Friday, December 2, 2011

Revisionist Melodrama

               The Hours, an enchanting film that follows the story of Virginia Woolf and how she came to write her novel, Mrs. Dalloway, portrays the protagonists of the film as characters in Woolf’s novel. Both characters, Laura and Clarissa, are on similar paths to the one that Woolf herself was on as she wrote her famous novel. They both discover their bisexual tendencies later in life. They are both depressed, contemplating suicide, and involved in romantic relationships that are seemingly going nowhere. The audience realizes at the end of the film that Laura’s son, Richard, is Clarissa’s former lover who is dying of AIDS. Once he dies, Clarissa briefly considers suicide, but restrains herself. Laura’s suicidal moment comes when she discovers she is bisexual; she also restrains herself, but flees from her family.
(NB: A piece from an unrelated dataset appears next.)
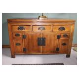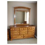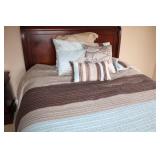 2ND UPSTAIRS BEDROOM, DESK UNIT, DECORATIVE ACCENT TABLE, WOOD DRESSER & NIGHTSTAND, WOOD BENCH WITH CUSHION, QUEEN WOOD HEADBOARD/FOOTBOARD, QUEEN MATTRESS SET, QUEEN BEDDING

                Unlike earlier melodramas, which deal with the violation of the family unit within society, in the traditional venue of divorce and “rich-girl-marries-poor-boy”, The Hours introduces modern day variations of love into the film, which further violate the traditional melodrama family unit. In all three narratives of the film, Virginia’s, Laura’s, and Clarissa’s, the nuclear family unit is questioned in various ways. Virginia is in a rut with her husband: he is forcing her to convalesce in an environment which she doesn’t wish to be in. Her heterosexuality is then questioned when she kisses her sister. She has no children, unlike her sister, and because of her questionable sexual orientation and relationship with her husband, her traditional family unit is not typical to society. Similarly, Laura was a loner in high school, and she still doesn’t fit in to the typical upper class society that her peers are members of. She also is of questionable sexual orientation, and she flees from her family. Her flight ruins her children’s lives and supposedly causes her son to become gay: a definite violation of traditional families. Lastly, Clarissa discovered her bisexuality later in life, and is now in a dead-end relationship with her female partner. Her daughter is upset with her, and Clarissa is depressed. Her family is seemingly the most untraditional of all the families in the film. All three untraditional families in the film further extend the violation of traditional nuclear families in melodramas.